Выбрать главу

И последний табак, самого низкого уровня, неведомо из чего накрошенный (в него пускали что угодно, в цигарку могли насыпать даже сырого пороха, и тогда курильщик являл собою зрелище, способное вызвать у какой-нибудь нервной дамочки обморок), питерцы называли его "Вырви глаз".

Это была уже самая настоящая отрава, но и эту отраву курили, потому что другого курева не было.

Мать обрадовалась тому, что сумела купить в госпитале "берклен" — лучший древесно-листовой табак блокадного Ленинграда, — здесь, прямо в палате, была устроена продажа курева для врачей и носильщиков-санитаров.

Деньги в Ленинграде ничего не значили и в ходу не были, на Андреевском рынке, где приходилось бывать и Вольту и его матери, царствовал натуральный обмен. На обычную буханку хлеба, которую выпекали в Ленинграде из ржаной муки с добавлением чего-то не очень съедобного, можно было выменять много всякой всячины: и соболий воротник из дворянского гардероба, и пару роскошных английских штиблет со спиртовой подошвой, и отрез на брюки из чистой бельгийской шерсти, очень тонкой и совсем не мнущейся, имеющей благородный серый или синий цвет.

Много стоили и высоко ценились картошка и лук в головках, морковка, корни хрена — все это можно было достать на рынке, основательно распотрошив свой гардероб.

В тот же день мать отправила посылку с "беркленом" на Невский пятачок отцу и заранее улыбалась, часто помаргивая повлажневшими глазами, представляя, как тот будет рад… Невероятно ведь будет рад.

На Андреевском рынке всегда толпился народ, в любую погоду, при любой обстановке, в любое время, за исключением комендантского часа, достать там можно было что угодно, хоть целехонький трофейный бронетранспортер, труднее было назвать вещь, которую нельзя достать… Тамошние торговые ряды были очень богатыми.

Продавали там и свежую выпечку, и кулебяки с мясом, и пироги с различной начинкой — от черничного варенья до осетровой вязиги — все там было, в общем.

Как-то Вольт с Петькой появились на Андреевском рынке, увидели старушку, торгующую свежими пирожками… Аромат от пирожков распространялся по всему рынку. Старушка была шустрая, покрикивала звонко, горласто, хвалила свой товар.

Вольт поправил на голове шапку, потрогал пальцами красную звездочку, пришпиленную к ней, — не потерялась ли? Звездочка, подаренная отцом, находилась на месте.

Минут через пять около бабки остановился милицейский патруль с автоматами, лица у патрульных были усталые, бледные, глаза ввалились, — наводить, а точнее, поддерживать порядок в блокадном городе было непросто, в усеченной питерской милиции (основная часть защищала город, находилась в окопах) было немало раненых и погибших.

— Бабуля, документы у тебя с собою? — спросил старушку начальник патруля, пожилой лейтенант с короткими, неровно подстриженными усами.

— А как же, дорогой милок, конечно же с собою, без документов нам никак нельзя, — старушка запустила руку под борт жеребкового полупальто, достала из кармана паспорт.

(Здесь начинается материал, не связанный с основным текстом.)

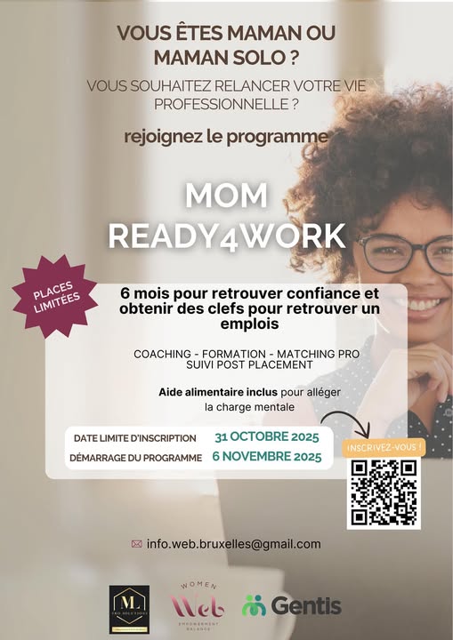 Pour les mamans ou mamans solos résidant à Bruxelles qui envisagent de reprendre une activité professionnelle.Vous êtes maman ou maman solo désireuse de relancer votre vie professionnelle ? Le programme de coaching et formation MOM READY4WORK est fait pour vous.

Лейтенант взял паспорт, развернул его, пробежался напряженным взглядом по двум головным страничкам, выпрямился, окидывая взглядом весь рынок — нет ли где какого-нибудь шума, не затевается ли что-либо?

Шума не было. Народ на базаре вел себя тихо, с пониманием — рядом находится фронт, на всякий шум фрицы могут прислать десяток снарядов, а это штука такая: ноги вместе с головой и куском живота могут улететь в облака.

— Пирожки с чем? — спросил лейтенант скучным, каким-то сомневающимся голосом.

— Как с чем? С мясом. Дух-то вон, чуешь, какой? — старушка горделиво выпрямилась. — Прошибает насквозь.

— Вот именно — насквозь, — в голосе лейтенанта заскрипели недовольные нотки. — Какого зверя мясо-то?

— Как какого? Лесного. У нас кабаны водятся. В город забегают.

— А война их разве не распугала?

— Никак нет, товарищ начальник, — старушка протянула ему таз, нагруженный вкусно пахнущими пирожками. — Угощайся, служивый, для тебя ничего не жалко.

— Кабаны, говоришь?

— Да, кабаны. И лоси к нам приходят… Не боятся. Я так полагаю — от фашистов спасаются.

— Спасаются?

— А как же? От фашистов спасается все живое… Все, что имеет ноги.

— И руки, наверное?

— Руки имеют только обезьяны, товарищ начальник, — на полном серьезе ответила старушка, пошевелила губами.

— Мы вынуждены задержать вас, гражданка!